__PROVIDED DATA__
===
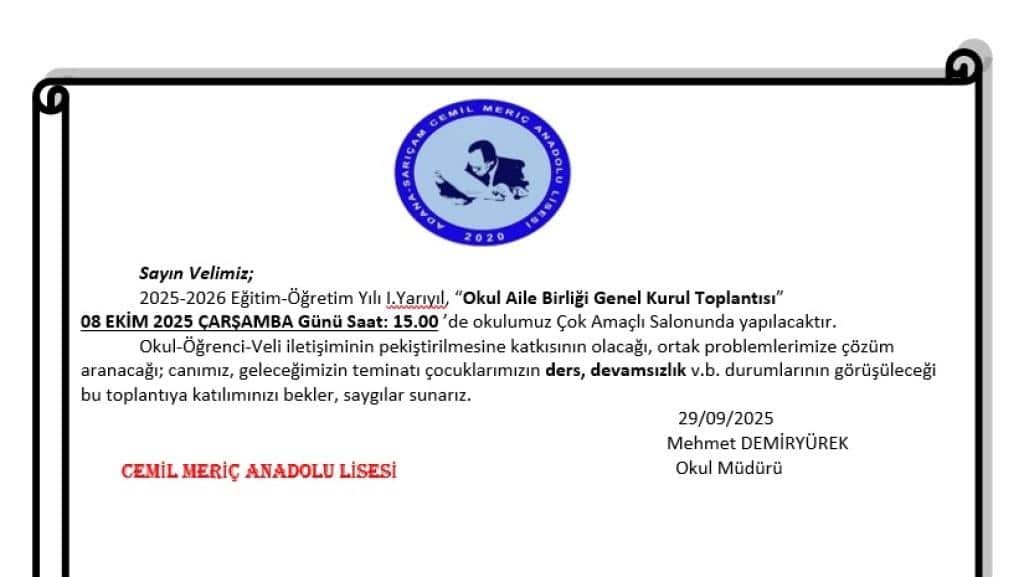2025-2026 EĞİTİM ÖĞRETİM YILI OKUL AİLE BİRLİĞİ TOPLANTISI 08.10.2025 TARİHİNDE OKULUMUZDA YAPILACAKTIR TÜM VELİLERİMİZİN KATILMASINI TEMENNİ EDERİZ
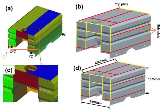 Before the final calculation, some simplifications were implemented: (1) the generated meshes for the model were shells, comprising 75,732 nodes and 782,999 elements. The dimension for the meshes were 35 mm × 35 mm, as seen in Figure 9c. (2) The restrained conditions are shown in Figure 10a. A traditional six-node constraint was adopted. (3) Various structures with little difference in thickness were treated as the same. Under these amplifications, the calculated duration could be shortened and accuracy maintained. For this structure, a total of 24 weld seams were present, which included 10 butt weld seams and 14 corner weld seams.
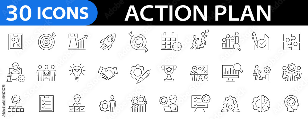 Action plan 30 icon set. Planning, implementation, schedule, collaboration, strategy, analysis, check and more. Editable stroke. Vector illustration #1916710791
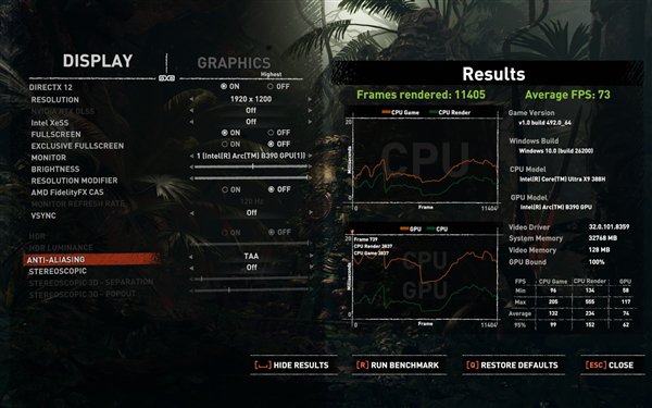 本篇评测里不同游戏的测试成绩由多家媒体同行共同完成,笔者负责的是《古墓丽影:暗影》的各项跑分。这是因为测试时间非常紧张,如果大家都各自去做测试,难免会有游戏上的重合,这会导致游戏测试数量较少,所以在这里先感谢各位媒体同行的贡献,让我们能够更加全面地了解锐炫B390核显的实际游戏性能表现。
===
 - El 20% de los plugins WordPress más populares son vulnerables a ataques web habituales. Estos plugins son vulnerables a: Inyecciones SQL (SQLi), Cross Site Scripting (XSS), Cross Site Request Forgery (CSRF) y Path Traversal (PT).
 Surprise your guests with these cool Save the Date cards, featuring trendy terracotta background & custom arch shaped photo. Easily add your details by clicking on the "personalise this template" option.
===
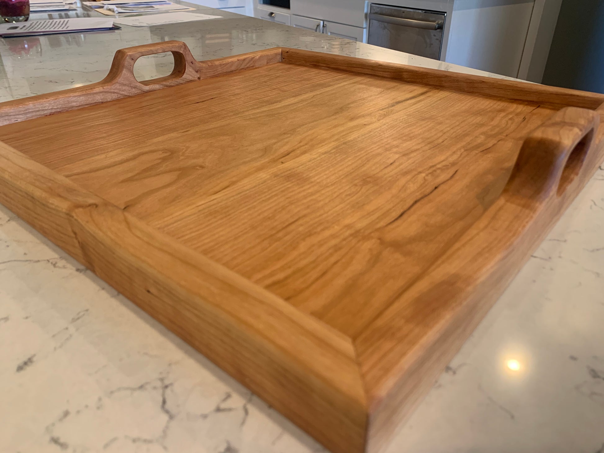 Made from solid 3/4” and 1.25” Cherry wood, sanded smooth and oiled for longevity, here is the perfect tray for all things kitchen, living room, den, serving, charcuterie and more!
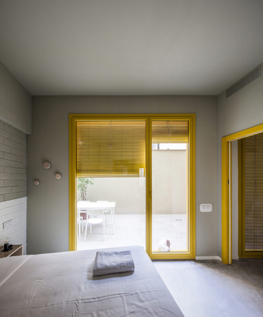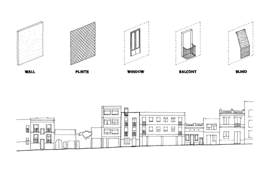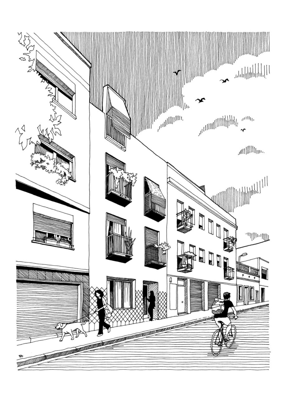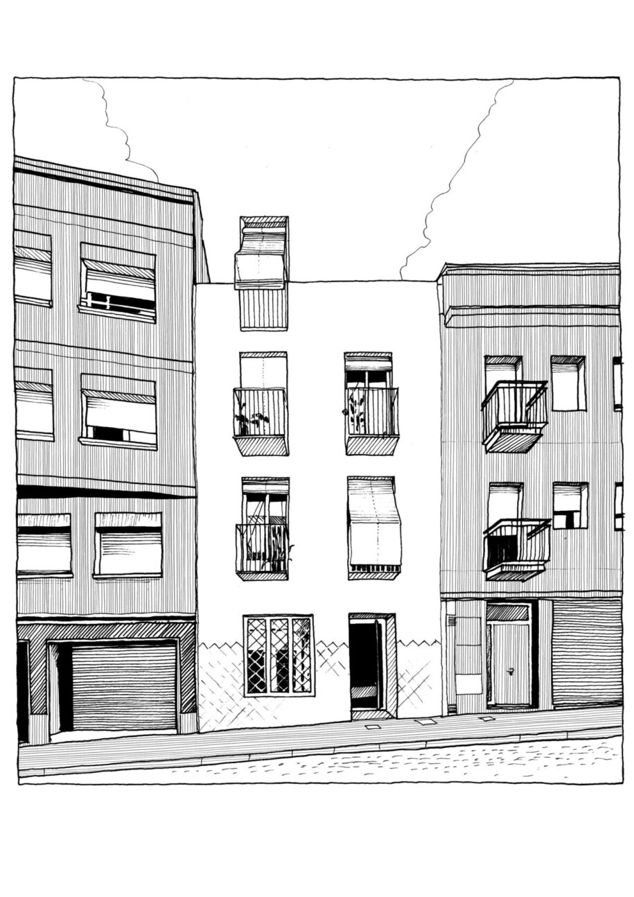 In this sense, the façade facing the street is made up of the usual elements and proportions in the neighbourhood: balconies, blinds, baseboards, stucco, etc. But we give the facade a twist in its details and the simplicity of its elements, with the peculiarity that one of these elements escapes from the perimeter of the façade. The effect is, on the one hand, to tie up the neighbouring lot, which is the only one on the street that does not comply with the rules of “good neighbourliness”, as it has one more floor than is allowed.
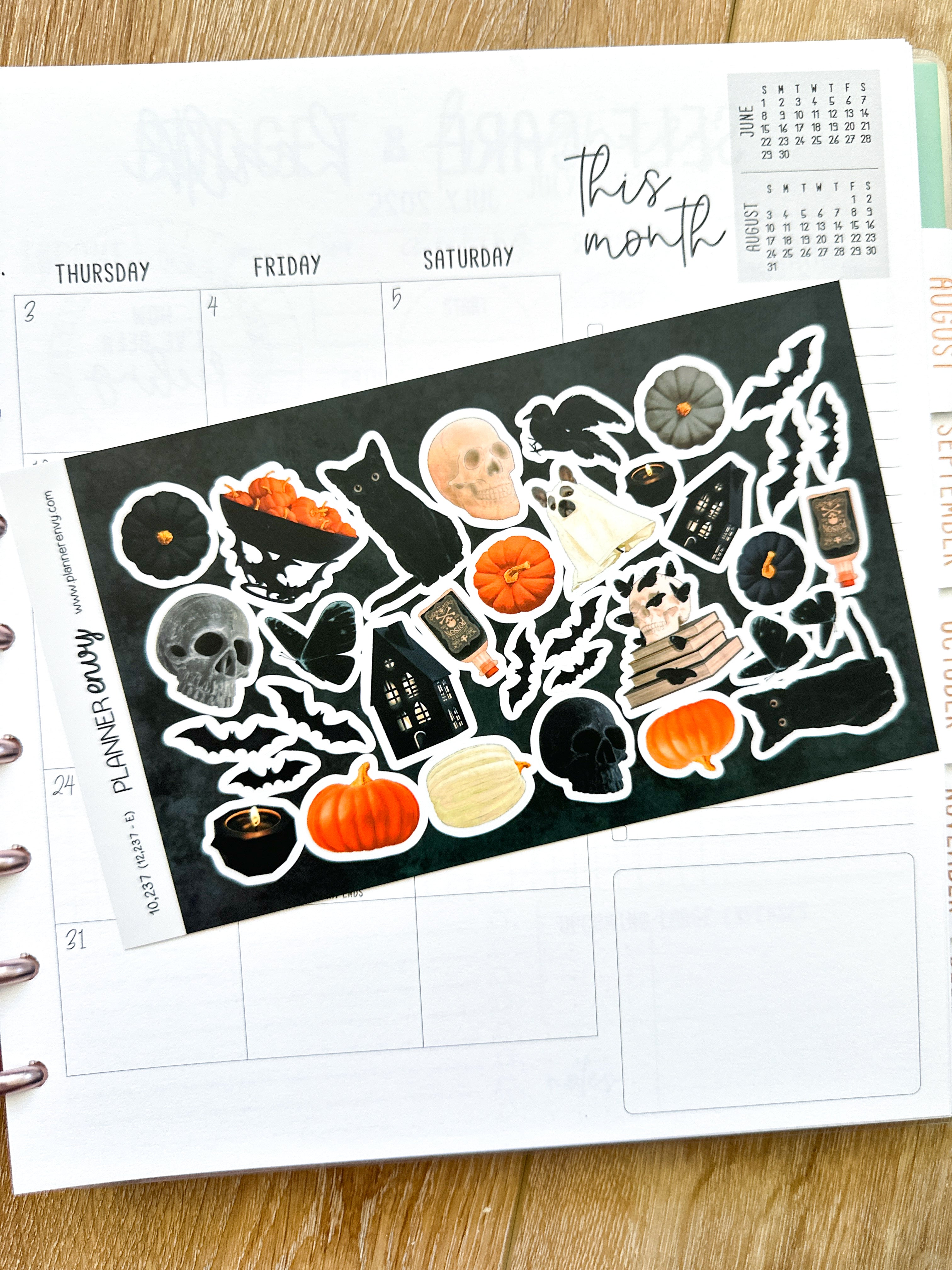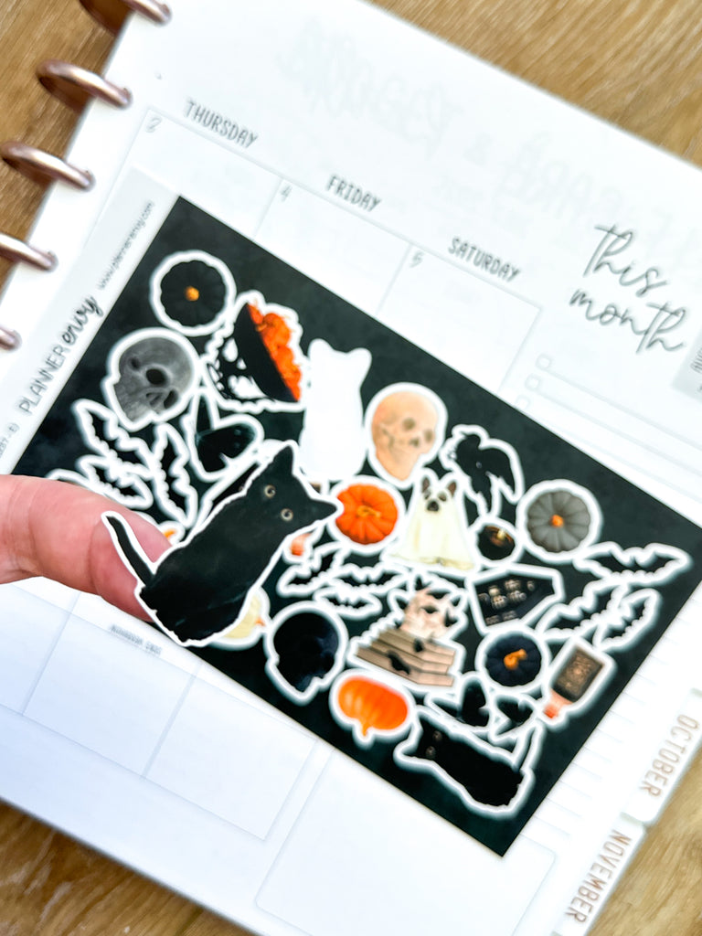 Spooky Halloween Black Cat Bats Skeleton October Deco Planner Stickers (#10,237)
===
__REQUIREMENT__
Nothing but the lines above from the one that has "Before the final" down to the one that has "本篇评测里不同游戏的测试成绩" belongs in the answer, copied exactly, without pictures.

__EXPECTED OUTPUT__
 Before the final calculation, some simplifications were implemented: (1) the generated meshes for the model were shells, comprising 75,732 nodes and 782,999 elements. The dimension for the meshes were 35 mm × 35 mm, as seen in Figure 9c. (2) The restrained conditions are shown in Figure 10a. A traditional six-node constraint was adopted. (3) Various structures with little difference in thickness were treated as the same. Under these amplifications, the calculated duration could be shortened and accuracy maintained. For this structure, a total of 24 weld seams were present, which included 10 butt weld seams and 14 corner weld seams.
 Action plan 30 icon set. Planning, implementation, schedule, collaboration, strategy, analysis, check and more. Editable stroke. Vector illustration #1916710791
 本篇评测里不同游戏的测试成绩由多家媒体同行共同完成,笔者负责的是《古墓丽影:暗影》的各项跑分。这是因为测试时间非常紧张,如果大家都各自去做测试,难免会有游戏上的重合,这会导致游戏测试数量较少,所以在这里先感谢各位媒体同行的贡献,让我们能够更加全面地了解锐炫B390核显的实际游戏性能表现。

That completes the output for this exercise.